Ma Gobbi, che deve essere talmente infuriato da non voler sentire più nessuno, non risponde a Falò. Nella sua inchiesta, la trasmissione può contare sul supporto del procuratore antimafia di Reggio Calabria, sulla polizia italiana, sul capo della polizia federale Lauber. Ma non del ministro ticinese della giustizia Norman Gobbi. Gobbi si rifiuta di lasciare un intervista alla RSI, Gobbi non risponde sui presunti permessi ad altri pregiudicati. Questo silenzio è indegno di una carica istituzionale. Il ministro ci deve delle spiegazioni, come ce le deve Beltraminelli per il caso Argo 1 o qualunque altro ministro quando qualcosa di poco pulito lo coinvolge.

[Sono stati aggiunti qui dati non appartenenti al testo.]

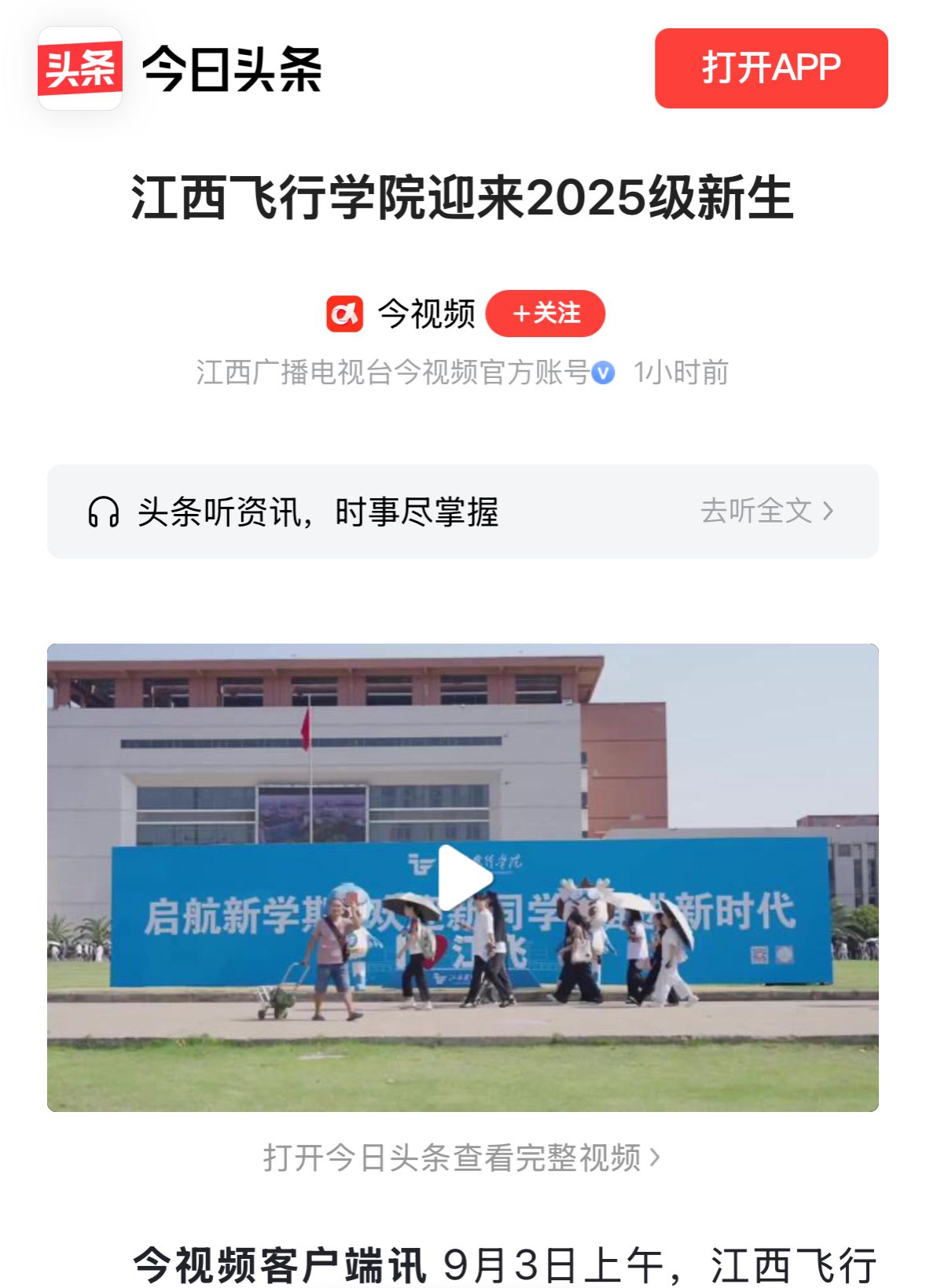 近日,今日头条报道,江西飞行学院迎来2025级新生,详情如下:

Non possiamo riportare tutto il servizio di Falò, che è ben fatto e pone forti dubbi, ma il sospetto che con grande facilità le mafie possano infiltrarsi in Svizzera e in Ticino è ben presente e inquietante. Il sistema liberale svizzero a livello finanziario, come dice il capo Lauber, è un substrato fantastico per questa gente ed è facile abusarne.

Possiamo, dobbiamo sradicare adesso questo cancro che ha divorato l’Italia per secoli. Ma lo dobbiamo fare collaborando con la polizia federale e quella della vicina “fallitalia” quella che Gobbi prende a calcioni un giorno si e uno no. Perché se c’è qualcuno che ha esperienza di queste cose, è proprio l’Italia, ed è il procuratore antimafia di Reggio Calabria Antonio De Bernardo che, intervistato da Falò, ci avvisa: “ …nel tempo (la ‘Ndrangheta NdR) rischia di permeare una società e poi diventa difficile sradicarla e debellarla come purtroppo è difficile in Italia. Ecco, agire prima che sia troppo tardi.”

Non siamo immuni. Forse è ora che Gobbi si chini sui veri pericoli, prima che sia troppo tardi. Giocare al ridotto nazionale con queste cose è da incoscienti. La sicurezza, quella vera, del Ticino, viene prima dei voti.